ハクチョウの雛たち、そしてベイズリーその後

ヒナたちも未来に向かっています。
暑い日だから気持ちいいね。

ではベイズリーの未来は?
ベイズリーを追ってみましょう。
ベイズリーの周りでも将来への準備が進んでいます。
治療は終わり、足の傷は完全に回復しました。
今日はトレーナーのコッポラと里子斡旋部のスースが怪我の後遺症が出ていないか確認します。
傷をかばったり気にしたりせず歩いているので影響はないようです。
街の景色や音を楽しみながら散歩しています。
全身を使って元気いっぱいじゃれてきます。
人懐っこいので新しい家族にもすぐなれそうです。
里親が見つかるのも時間の問題でしょう。

2羽のハクチョウ惨殺のニュースは地元だけでなく全国を駆け巡りました。
ペンタンジェロ捜査官は引き続きこの注目度の高い事件に情報提供を呼びかけています。
捜査開始から数週間が経過、まだ犯人は捕まりません。
しかしASPCAの捜査班は総力を上げ、あらゆる手段を講じて事件の解決を図ろうとしています。
この殺害事件に対して犯人逮捕につながる情報を提供してくれた人には4000ドルの懸賞金が支払われます。
=ペンタンジェロ捜査官=
「これは凶悪で卑劣な行為です。再び犯人が同様の反抗を繰りかえさないとも限りません。絶対に逮捕しますよ。
この事件は多くの人々の反響を呼びました。私が見てきた中でももっとも特異な事件だといえます。
その理由のひとつには犯行の残忍性が挙げられます。2つめは人々の関心の高さです。
全国から反響の声が上がっています。
ある男性から聞きましたが、この花壇はハクチョウに捧げたものだそうです。
ここで起きたことをわすれないため市民が自ら造ったんです。
天に召された鳥のため永遠に残るものをね。手口から見て犯人は凶暴です。
どんな凶悪行為もしかねません。
ハクチョウを思えば悲観に暮れていられません。どんな維持間がかかろうと犯人を探し出します。
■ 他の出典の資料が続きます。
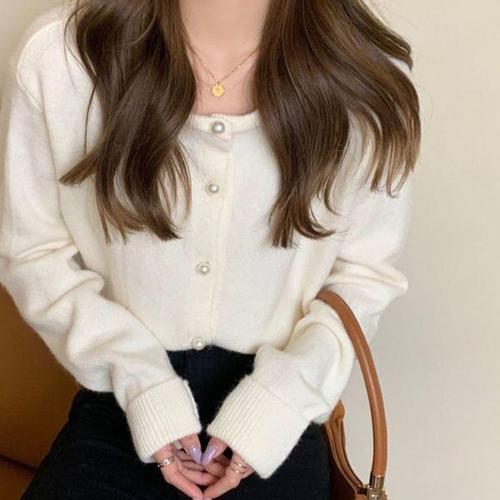 [다잇템]여자 진주알 롱슬리브 U넥 스웨터 가디건
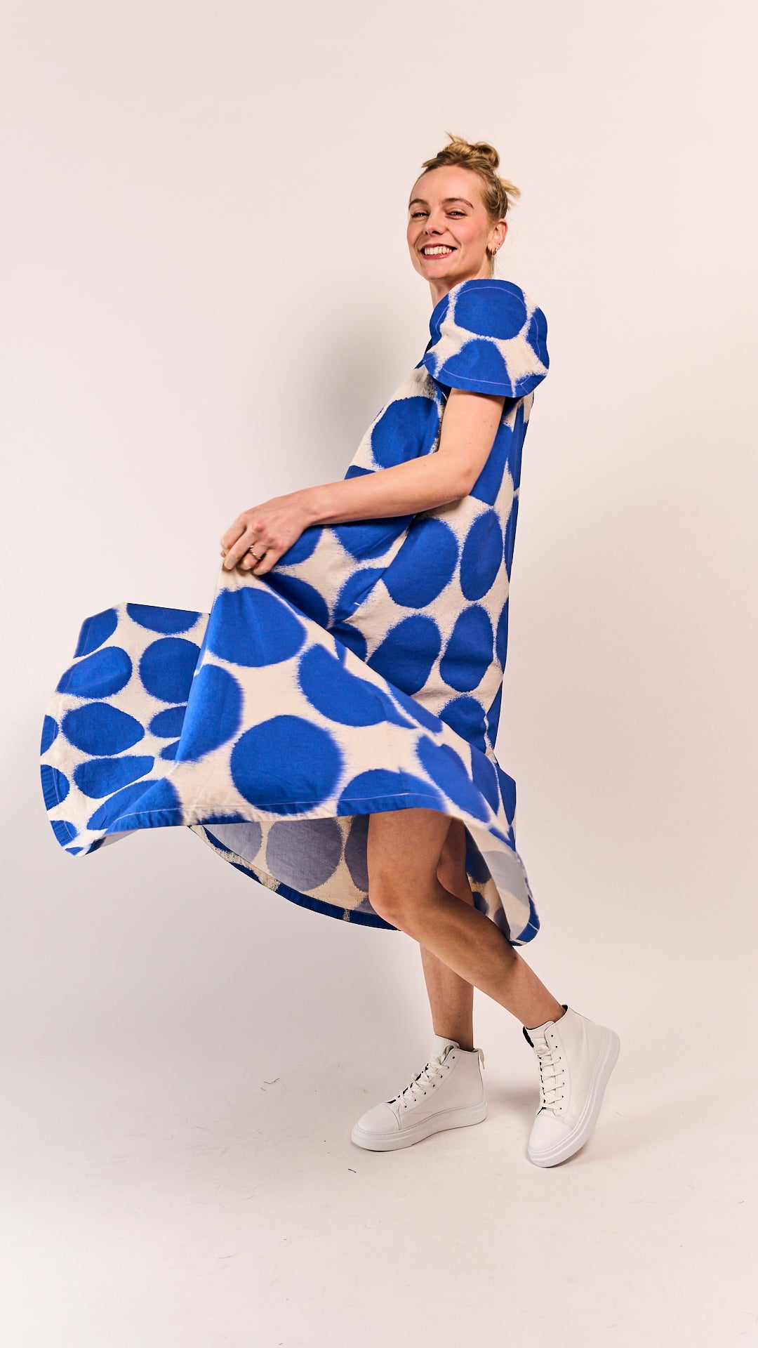 A striking Rundholz Mainline piece that commands attention with its bold round-shape print. The dress features an inventive shoulder design that breaks from convention, creating unexpected visual interest and movement. The electric print pattern brings energy and personality to your wardrobe, while the thoughtful construction ensures a refined silhouette. Perfect for those who embrace statement dressing with confidence and flair.
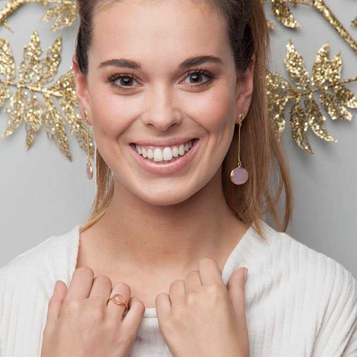 Met de hand vervaardigd van verguld messing en natuurlijke halfedelstenen, waardoor elk paar uniek is in kleur en vorm.
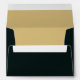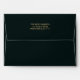 Elegant Christmas holiday envelopes feature a design of pine branches, green and gold Christmas ornaments and ribbons on a deep green background with your return address on the back and a decorative gold box to write in your recipient's address. MATCHING invitations and more items in our collection.
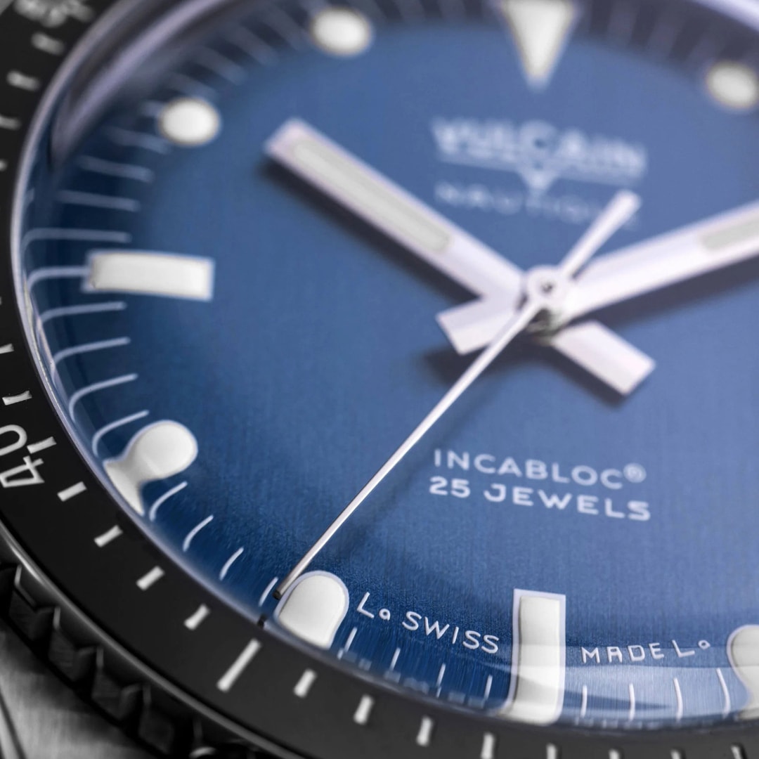 Wenn man an «Vulcain» denkt, kommt einem als erstes «Cricket» in den Sinn. Damit würde man der Marke Unrecht tun, denn Vulcain ist eine Fundgrube für Uhren aus dem Dornröschenschlaf, die eine nostalgische Stimmung verbreiten. Die Skindiver Nautique ist bereit, auf dem Vintage-Markt für Furore zu sorgen. Sie ist von einem 1960 lancierten Vulcain-Modell inspiriert und wird von dem Schweizer Dreizeiger-Automatikkaliber ETA 2824 mit einer Gangreserve von 38 Stunden angetrieben.

」

悲劇的な事件に一筋の光が射しました。
動物保護施設のグリーン・チムニーズではクプチョックが大忙しです。
ここにハクチョウの卵が到着して3週間ですべての卵が無事にかえりました。
親を失ったヒナたちの将来は彼の手に託されています。
今日はちょうど3週間目の誕生日です。

殻から出てきたばかりのころと比べてみればずいぶん成長しました。
=クプチョック=

「うれしいし誇らしくなりますよ。
最初はすべての卵がふ化するか心配でしたが6羽ともふ化したと報告できて最高の気分ですよ。
この段階まで育てるには苦労しました。人間を親だと思わせないようにしたんです。
一番大変だったのはえさ選びですね。悩んだ結果、毎日池に足を運んでウキクサや藻をすくってきて与えることにしました。それこそヒナたちに最適なエサだったんです。アヒルやガチョウ用の人口肥料ではなく、水中の浮遊物やウキクサや藻が必要でした。」

ここにはヒナのために自然の環境が作られました。
水の中で自由に泳がせることによって運動能力も向上しますし水かきのついた足も成長します。
もっと広い水場に入ったときでもうまく泳げるでしょう。
ある程度まで施設で育て後、野生に放す予定です。
水中での泳ぎや菜餌も大切ですが体温の低下を防がねばなりません。

おそらくヒナたちの幸せな日々を誰も想像しなかったでしょう。